Print it out and change it to suit your needs.
Then take that to the project and make it work.

I bet you might even find one made just for your application. Online.
You will never be more than an installer until you take the time to figure out how stuff works.


----------



## LGLS (Nov 10, 2007)

The OP sounds more like a homework question.


----------



## paulengr (Oct 8, 2017)

3DDesign said:


> Is there an alarm with the controls?


We have 2 floats and so 4 possible states:
Below both floats, above both floats, between both floats, and a 4th one where the bottom float indicates low and the top float indicates high.

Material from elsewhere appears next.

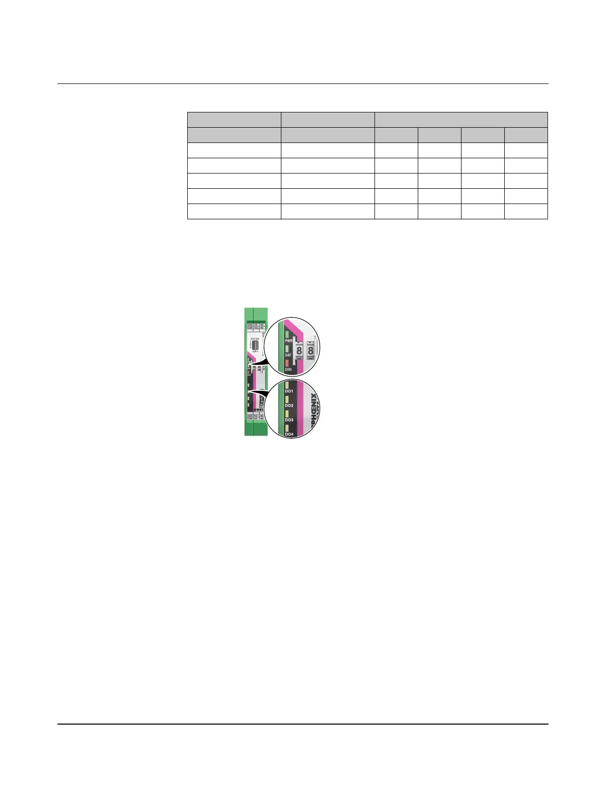 The RAD-DOR4-IFS I/O extension module uses a total of seven LEDs to indicate the

That last one would be a fault condition (bad float).

To get an alarm you need to either add floats or assume one of the valid conditions is an alarm state. Typically you will see either "hi hi" or "low low" alarm or both floats just outside the high and low float range. These go straight to the alarm.

Or you can use a single analog (4-20 mA) level transducer and a pump controller and do away with all the floats and optionally keep just one if the analog stuff fails.


Sent from my SM-T350 using Tapatalk


----------



## Cow (Jan 16, 2008)

CharlieWheeling said:


> I'm trying to wire a feed water tank. It has 2 floats. I want the bottom float to open my valve when it goes below, then fill to my higher limit float. Anyone know how to wire that off the top off their head?


Floats? That's too easy.

Let's put a Click PLC on it with a pressure transducer. Transducers last longer than floats...if you order them right.


----------



## sparkiez (Aug 1, 2015)

:vs_cool:

Challenge Accepted:

A The E-Stop cuts power to the entire system, which you probably don't need R1, which is just a power control relay.

The Hand setting energizes the pump/valve relay M1
The auto setting feeds the low level NC float switch F1 that will close when the water drops to a certain level, then to the NC upper level float switch F2.

F1 and F2 will both be closed and will feed the M1 relay, which has a NO set of auxiliary contacts, which close and bypass float switch F1 as the tank is filling. Once the upper level limit is met, the float switch opens and breaks the latching circuit.

Note that this is only for filling a tank, not controlling something such as a collection pit.


----------



## splatz (May 23, 2015)

Cow said:


> Transducers last longer than floats...if you order them right.


 @Cow, tell us more - how do you get transducers to last longer than floats?


----------



## sparkiez (Aug 1, 2015)

I see you are opening a valve, so for that circuit instead of a motor starter you would use an 8-Pin ice cube with 2 sets of NO contacts. One set of NO contacts will act as the auxiliary contacts and the other will energize your valve.


----------



## splatz (May 23, 2015)

sparkiez said:


> I see you are opening a valve, so for that circuit instead of a motor starter you would use an 8-Pin ice cube with 2 sets of NO contacts. One set of NO contacts will act as the auxiliary contacts and the other will energize your valve.


Huh I didn't notice it was a fill valve not a pump but opening the valve and running the pump would do the same thing, so it's all the same from a wiring perspective.


----------



## paulengr (Oct 8, 2017)

splatz said:


> @Cow, tell us more - how do you get transducers to last longer than floats?


Easy. Key to pressure transducers is they have a very tiny 1/8" or so opening that is both fragile and easily clogged. Use a good chemical diaphragm seal that flush mounts to go after it directly.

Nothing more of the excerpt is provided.